1 (10-ounce) package frozen collard greens, thawed, drained, and squeezed dry
2 teaspoons butter
1 cup finely chopped onion
2 garlic cloves, minced
3 tablespoons all-purpose flour
1/2 teaspoon salt
1/2 teaspoon hot sauce
1/4 teaspoon freshly ground black pepper
1 cup fat-free milk
2 large egg yolks
1/4 cup (1 ounce) grated fresh Parmesan cheese, divided
6 large egg whites
1/4 teaspoon cream of tartar
Cooking spray
2 tablespoons dry breadcrumbs

Preparation

Place greens in a food processor, and process until finely chopped.

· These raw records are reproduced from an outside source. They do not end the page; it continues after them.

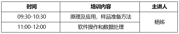 培训内容:仪器原理及应用,样品准备方法,软件操作
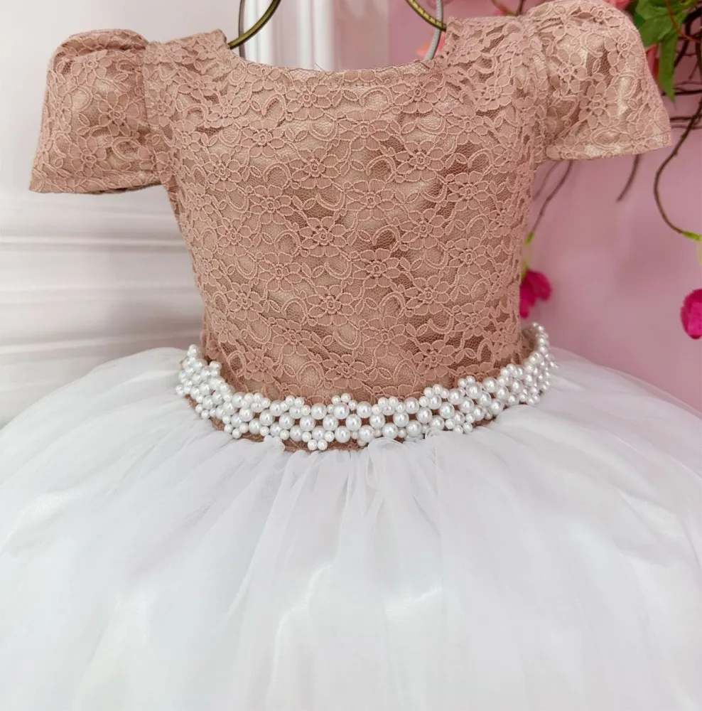 Vestido Festa Rose Renda Saia Branca Enjoy Kids
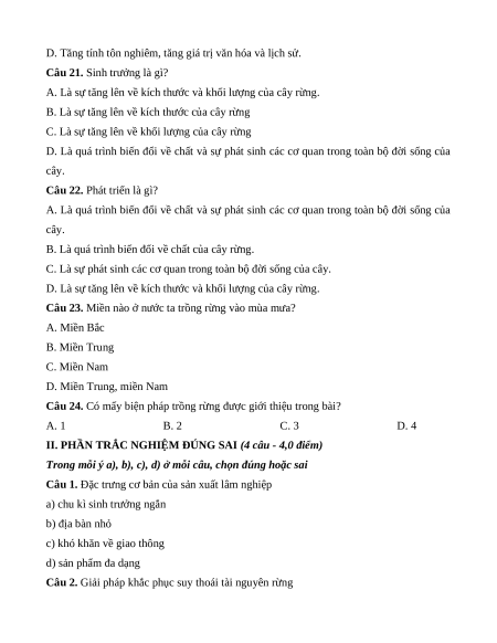 Câu 16. Ngành lâm nghiệp có mấy triển vọng chính? A. 1 B. 2 C. 3 D. 4
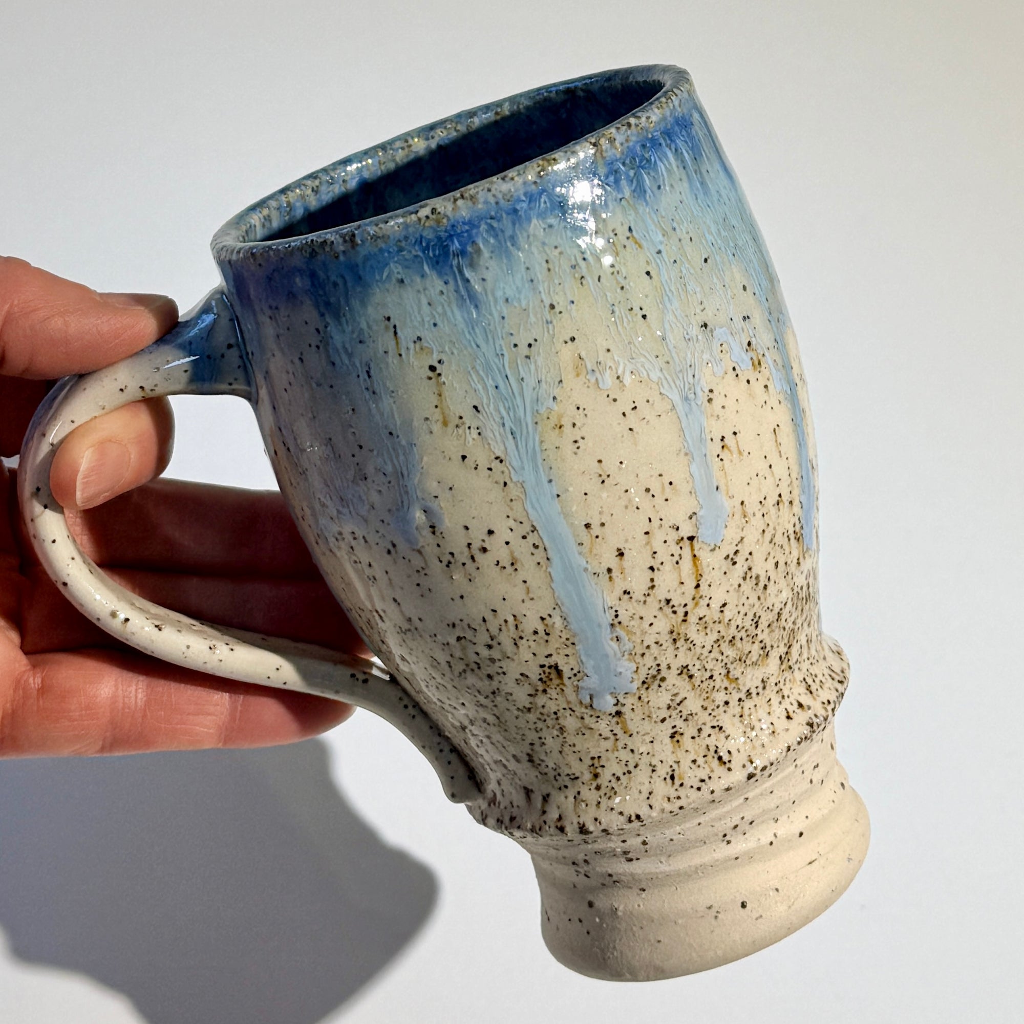 This mug has had beach sand swirled through the clay as the piece was thrown on the wheel.
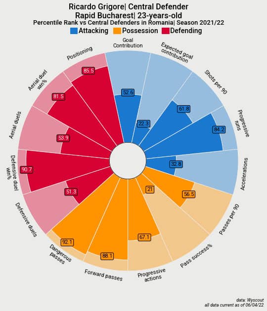 Ricardo Grigore is a young central defender with an interesting profile. His defensive outputs in particular look good and although he is not stand out in terms of the volume of defensive duels and aerial duels this is to be expected given his high output in terms of positioning. It is also worth noting that Grigore has a strong output in terms of the % of successful defensive and aerial duels. In other words, his positioning allows him to not have to engage in a high volume of duels but when he does have to he tends to be successful.
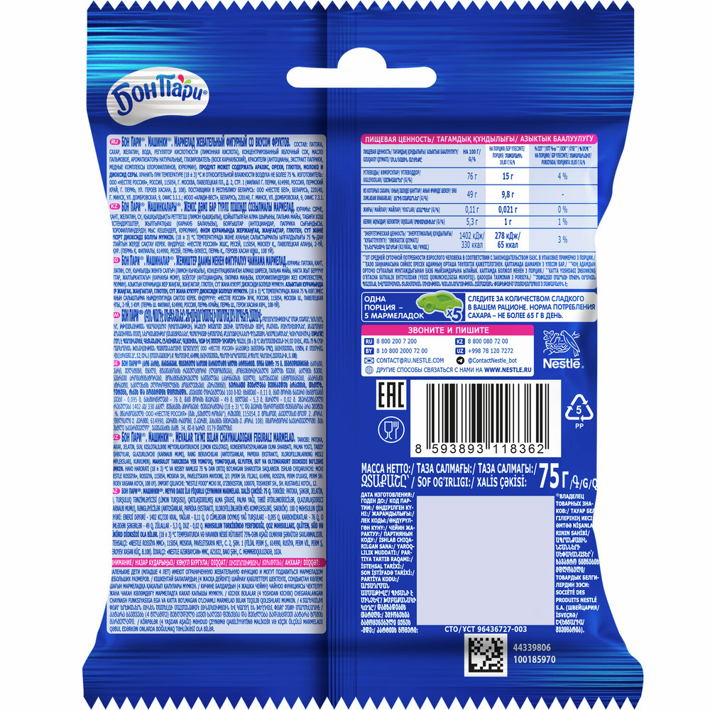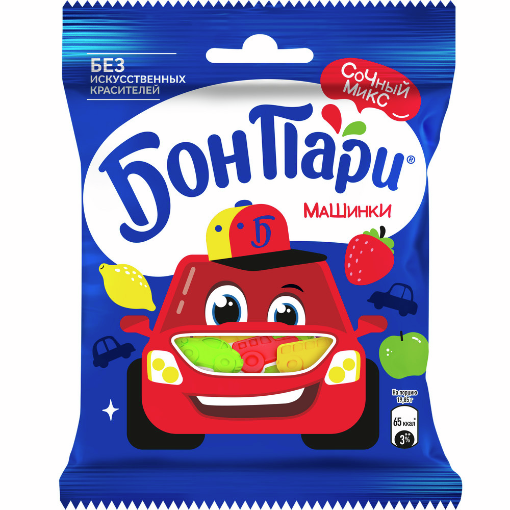 Двухслойный мармелад в форме забавных машинок от бренда номер 1. Яркий вкус фруктов: яблоко, апельсин, клубника, лимон и нежная белая пена. Без искусственных красителей. Побалуйте себя сочным миксом! Прошло более 40 лет, с момента появления первой конфеты Бон Пари, но до сих пор восхитительный вкус продолжает привлекать новых покупателей и приносить радость в повседневную жизнь.
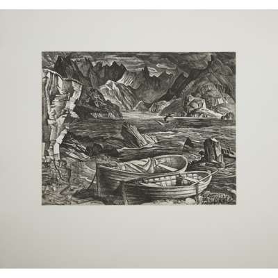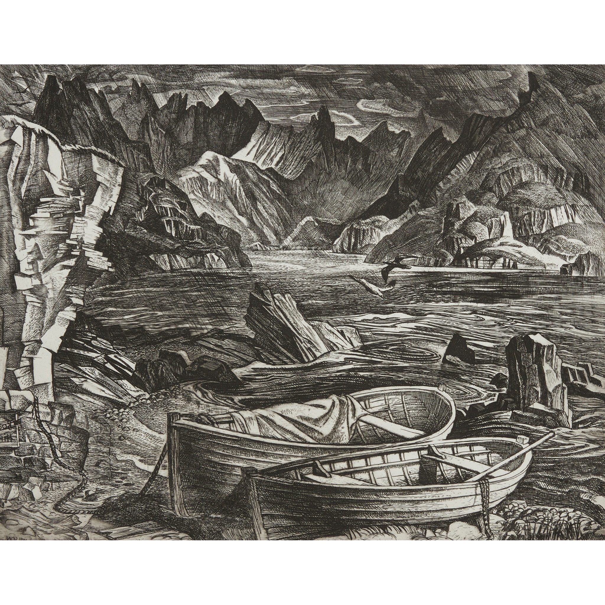Arguably the most compelling work produced over William Wilson’s varied career was his etchings. In his youth Wilson cultivated his eye for composition while apprenticed to the stained glass firm James Ballantyne & Son. He later attended evening classes at Edinburgh College of Art, where he was introduced to printmaking by Adam Bruce Thomson. A 1932 Carnegie Travelling Scholarship from the Royal Scottish Academy enabled him to travel to France, Spain, Italy and Germany, where he developed many of the compositions in the present edition.
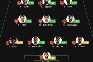 体育资讯1月25日讯 英超第23轮将迎来一场焦点战,到时阿森纳将坐镇酋长球场迎战曼联。本场比赛之前,《每日邮报》盘点了两队合体评分最佳阵(评分来自Sofascore),B费领衔曼联4将入选,萨利巴、加布里埃尔搭档中卫。
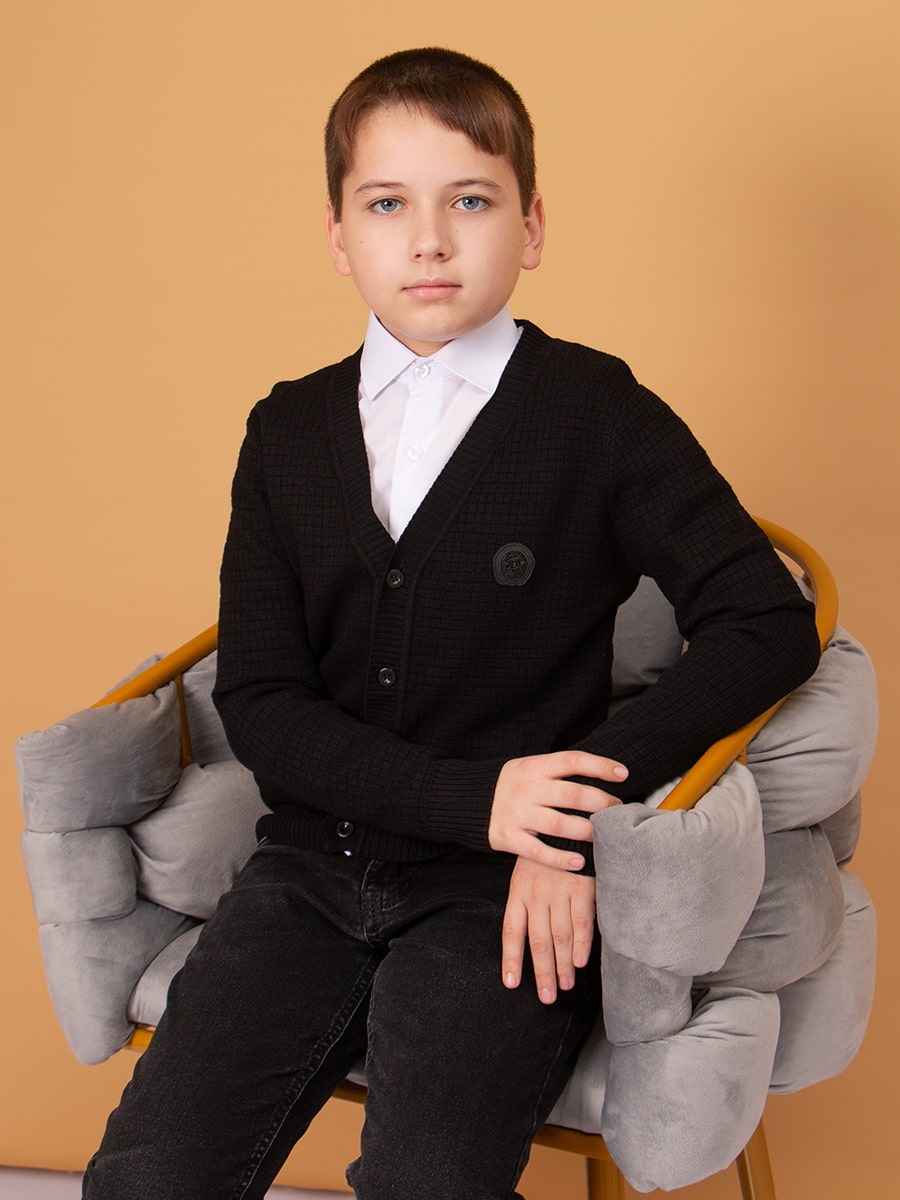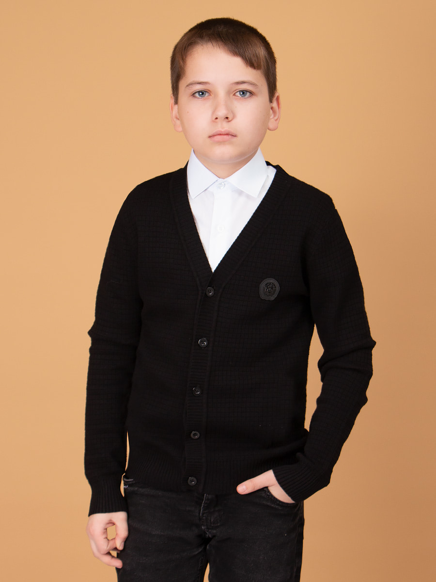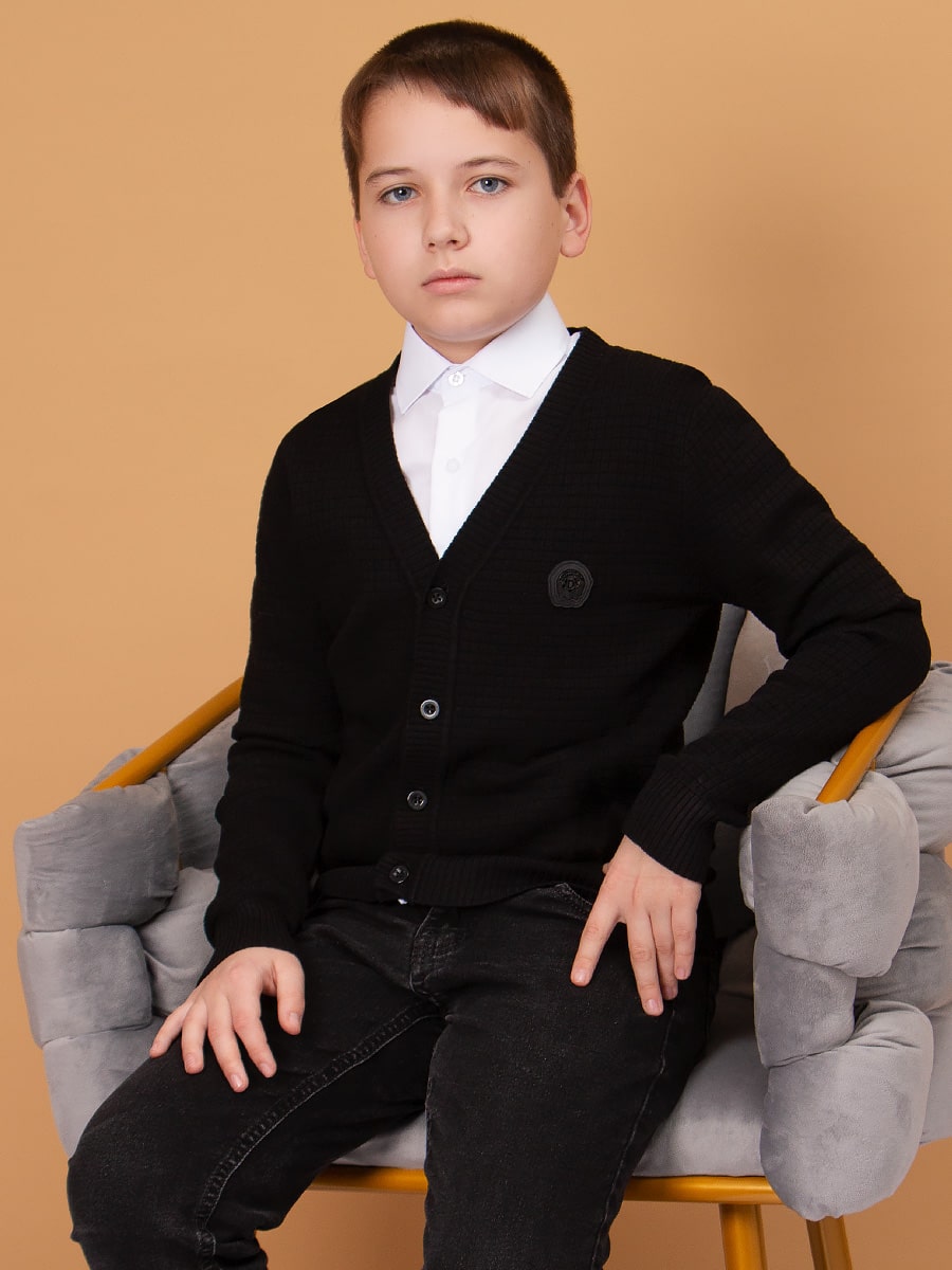 Стильный, трикотажный кардиган на пуговицах для мальчика. Мягкий, вязаный трикотаж не сковывает движений, обладает хорошей воздухопроницаемостью и приятно облегает тело. Прекрасно вольется как в повседневный, так и в школьный гардероб.

Melt the butter in a medium saucepan over medium heat. Add onion and garlic; cook 6 minutes or until onion is soft, stirring frequently. Add flour, salt, hot sauce, and pepper; cook 1 minute, stirring constantly. Gradually add milk, and cook until thick and bubbly (about 4 minutes), stirring constantly with a whisk.

Place egg yolks in a small bowl. Gradually add 1/2 cup hot milk mixture to egg yolks, stirring constantly with a whisk. Add yolk mixture to pan; cook over medium-low heat 1 minute. Stir in greens and 3 tablespoons cheese. Pour into a large bowl, and cool slightly.

Preheat oven to 400°.

Place egg whites and cream of tartar in a medium bowl; beat with mixer at high speed until stiff peaks form. Gently stir one-fourth of egg whites into greens mixture; gently fold in remaining egg whites. Coat a 1 1/2-quart soufflé dish with cooking spray; sprinkle with breadcrumbs. Spoon egg mixture into prepared dish; sprinkle with 1 tablespoon cheese.

Place dish in oven. Reduce oven temperature to 375° (do not remove soufflé from oven). Bake for 40 minutes or until puffy and set. Serve immediately.